Tuesday, December 28, 2010

Book Review: Bonk: The Curious Coupling of Science and Sex, by Mary Roach


I've been meaning to read Mary Roach ever since her first book starting garnering acclaim. Now that she's got an entire lineup, I figured I'd start with Bonk, because as far as I'm concerned, it's pretty hard to miss with a humorous book about sex. For the most part, I was right; this book was consistently hilarious and more informative than I thought it would be.

As others have pointed out, though, calling this a book about sex would be slightly misleading. This is a book about sex researchers, and it sketches out a quirky history of how we have tried to chart, catalog, and understand how sex works. The book covers the usual suspects (Masters and Johnson, Alfred Kinsey, etc.), but also includes more than you'd ever thought you'd learn about pig insemination, rhesus monkey courting rituals, and uterine contractions in hamsters, among other things. Each chapter focuses on a particular aspect of modern sexuality- male impotence, for instance, or female orgasmic ability- and unravels an eclectic and often bizarre mix of interview, citation, and the occasional personal anecdote that sets out to explain how science has attempted to catch up to them.

Roach's footnotes play a starring role, too. Most pages are peppered with footnotes that lead to somewhat random asides. These tidbits often have only a tangential relationship to the material, but are so weird and interesting that I began looking forward to them.

I tore through this book, and had only one minor qualm with it, which I've only now been able to elucidate now that I've read some other people's thoughts on it. At first I thought it might be that the concept wasn't unified, but it really was; the material is organized decently and reads very well. Then I thought I was bothered by the pages where Roach suddenly gets coy, ostensibly because she doesn't want to embarrass her children.
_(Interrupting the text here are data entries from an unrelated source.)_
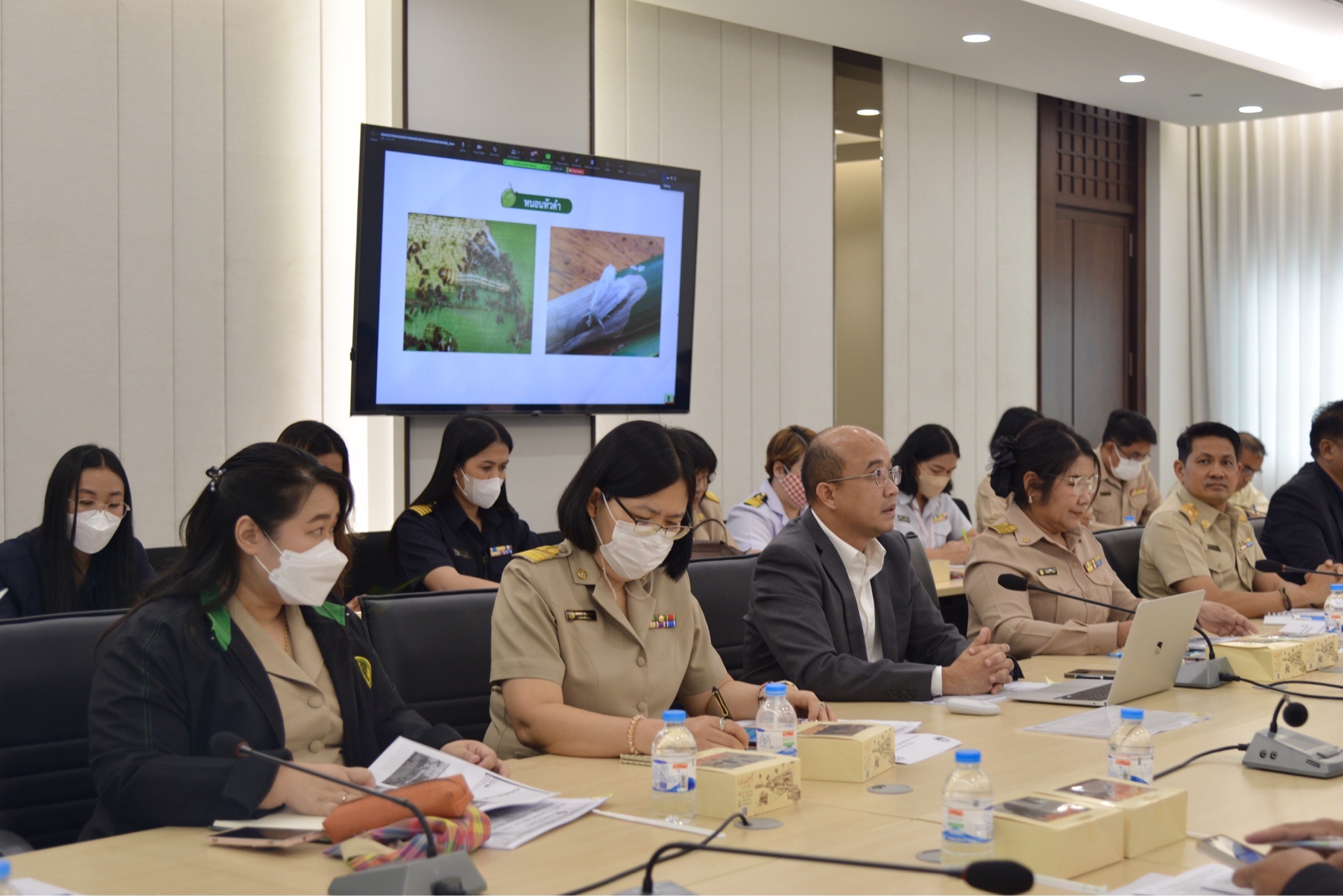 วันจันทร์ ที่ 12 กุมภาพันธ์ 2567 เวลา 15.00 น. นายธงชัย คำโคตร ผู้อำนวยการสถาบันวิจัยพืชสวน พร้อมด้วย นางสาวกาญจนา ทองนะ ผู้อำนวยการกลุ่มวิชาการ และนางวิไลวรรณ ทวิชศรี นักวิชาการเกษตรชำนาญการพิเศษ ร่วมประชุมหารือเตรียมความพร้อมสำหรับการส่งออกทุเรียนไปจีน ภาคตะวันออก ฤดูกาลส่งออก ปี พ.ศ. 2567 และหารือแนวทางแก้ไขปัญหาการแพร่ระบาดของหนอนหัวดำในมะพร้าว ระหว่างกรมวิชาการเกษตรและกรมส่งเสริมการเกษตร โดยมี นายระพีภัทร์ จันทรศรีวงศ์ อธิบดีกรมวิชาการเกษตร เป็นประธาน ณ ห้องประชุมชั้น 2 สำนักงานอธิบดีกรมวิชาการเกษตร และผ่านโปรแกรม Zoom Clound Meeting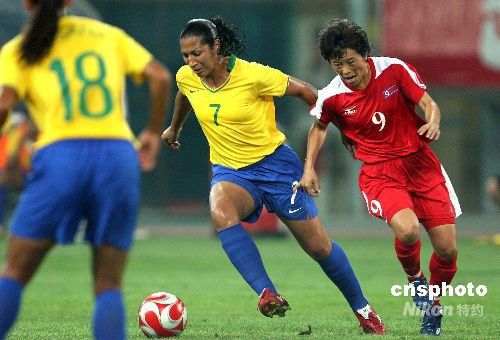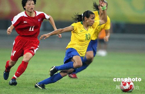 8月9日,北京奧運(yùn)會(huì)沈陽(yáng)分賽場(chǎng)舉行女足預(yù)賽,巴西隊(duì)最終以2:1勝朝鮮隊(duì)。巴西球星瑪塔打入第二粒進(jìn)球。 中新社發(fā) 張宇 攝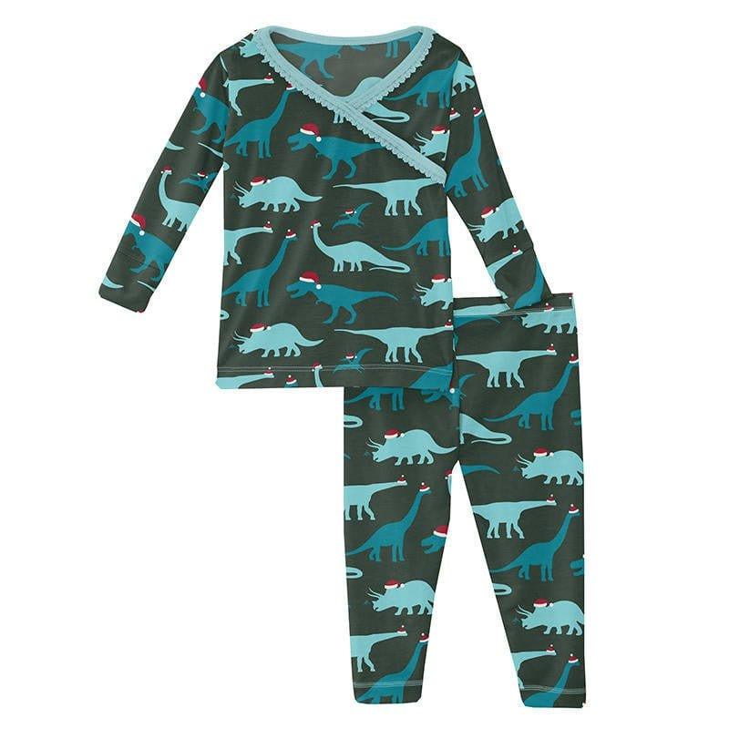 • Product and Style: Kickee Pants Girl's Print Long Sleeve Scallop Kimono Pajama Set - Santa Dinos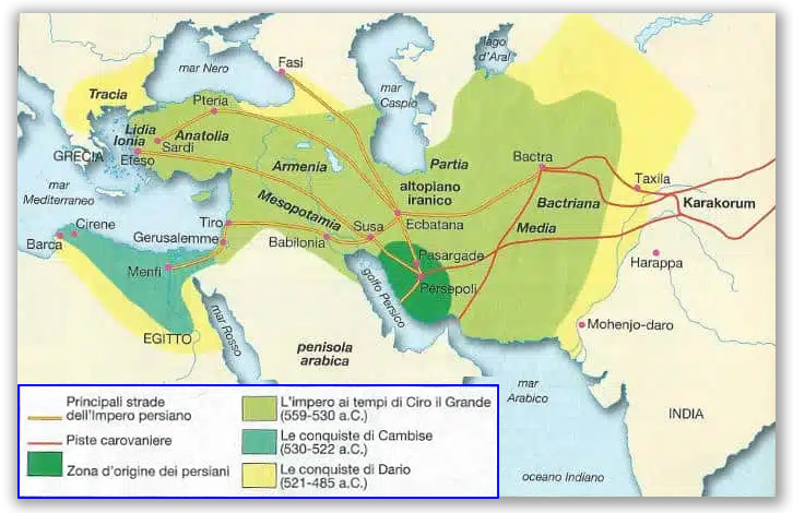 Mappa impero Persiano – Ciro il Grande raggiunse vette alte nella gestione dei territori.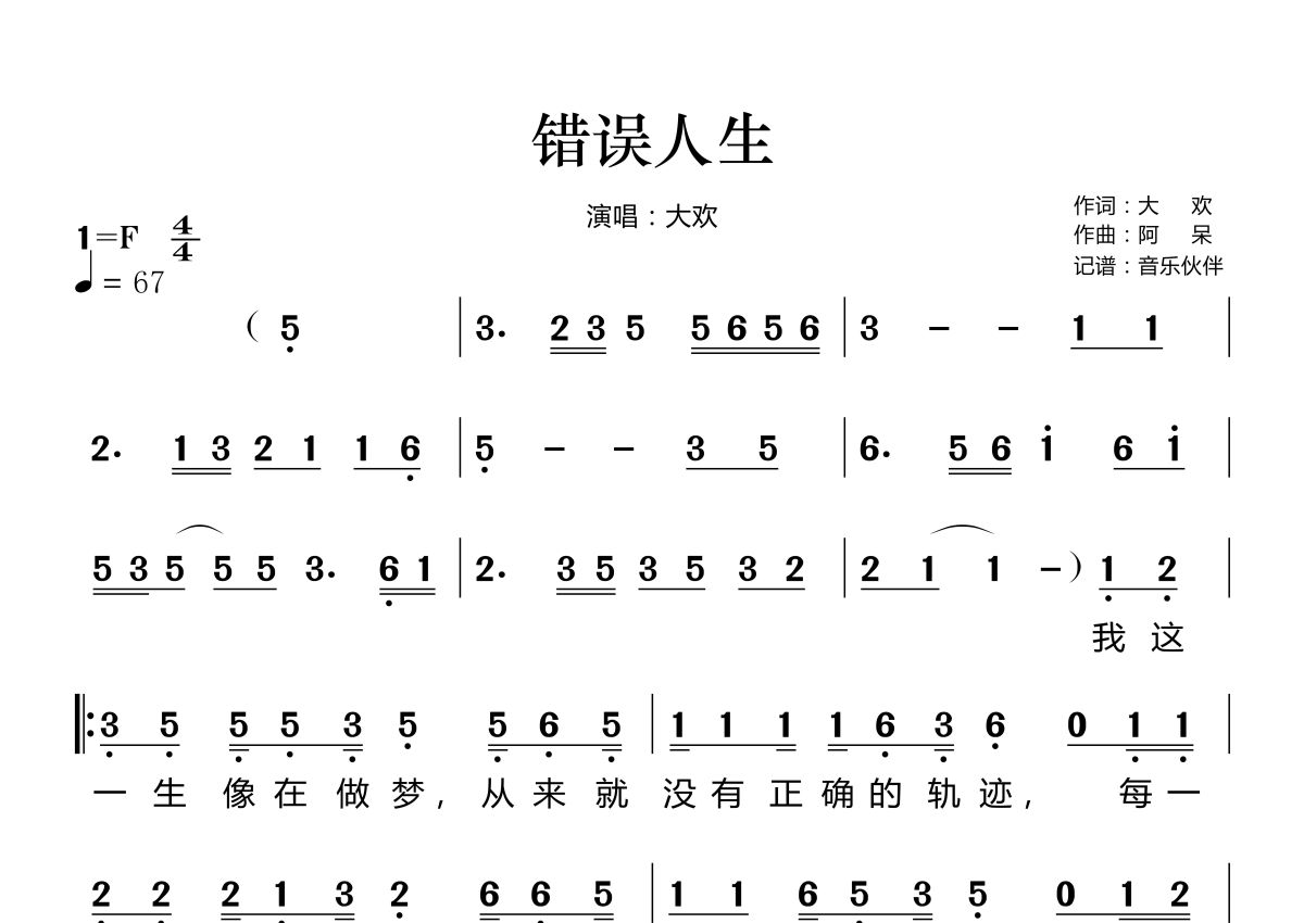 《错误人生》是大欢演唱的一首歌曲,拍号为4/4拍,歌曲速度为每分钟67拍,这份简谱共有两张高清图谱,图谱由 @音乐伙伴 编配上传。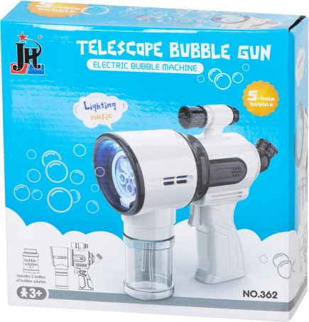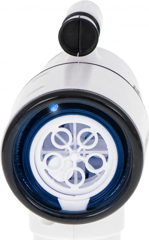 Αυτό το λευκό πιστόλι σαπουνόφουσκων είναι ιδανικό για παιδιά από 3 ετών και για οικογενειακές υπαίθριες δραστηριότητες. Ο ενσωματωμένος ανεμιστήρας και το σύστημα με 5 δακτυλίους εξασφαλίζουν ομαλό φύσημα και ροή δεκάδων έως εκατοντάδων φουσκών με ένα πάτημα της σκανδάλης. Για περισσότερη διασκέδαση, δεν λείπουν ο LED φωτισμός και οι ήχοι, που ενεργοποιούνται ή απενεργοποιούνται με ένα κουμπί.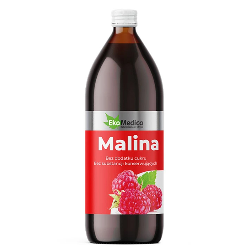 Malina / Малина (сок), 1000 ml е хранителна добавка на EkaMedica, Полша. Продуктът подпомага нормалното състояние на костите, кожата, кръвоносните съдове и имунната система. Притежава антиоксидантни свойства.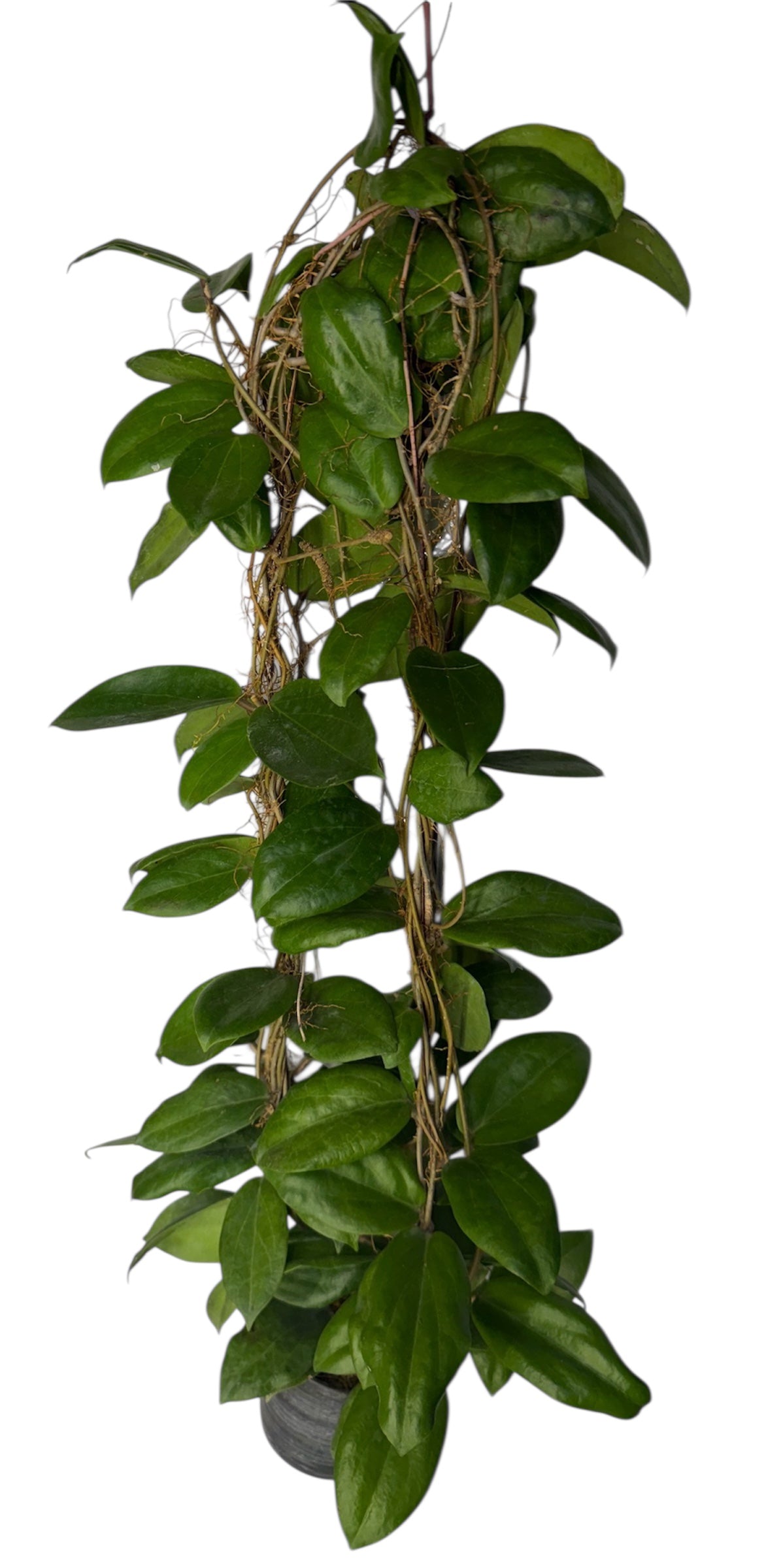 The plant has small, thick, waxy leaves with prominent veins and a satin texture. New growth often displays a vibrant yellow-green hue that can deepen to a darker green as it matures, and may develop a reddish tinge when "sun stressed" with bright light.

Bonk presents a readable mixture of the clinical and the explicit, but every now and again Roach suddenly becomes a little demure; the chapter on sex machines comes to mind, for example. Honestly, though, I find it difficult to keep my dignity intact while arguing that I want to be more titillated.

I've realized what it is now, though. As fearless and thorough as this book is, its scope is weirdly limited. For all its humor, it sticks to the clinical mood set by the studies it documents. Heterosexual vaginal intercourse is the star player, and anything else... say, oral or anal sex... is only given its due at the periphery. There are entire chapters on orgasms, and they are often presented in the context of fertility rather than recreation. Now, don't get me wrong... I was actually fascinated by the studies that tried to link female orgasmic response with conception, and the implications that had for human sexuality. I just thought that the book could have gone in more directions with the material. Especially considering the end, where Roach discussed Masters and Johnson's findings that committed homosexual couples have, qualitatively, the most satisfying sex... and then the book ends. Wait, what? Let's talk about that a little more!

That doesn't make this book any less fun to read, though. Roach is a deliciously funny author, and her take on this subject is provocative and educational without being raunchy or offensive. I'd definitely recommend this to readers with low inhibitions.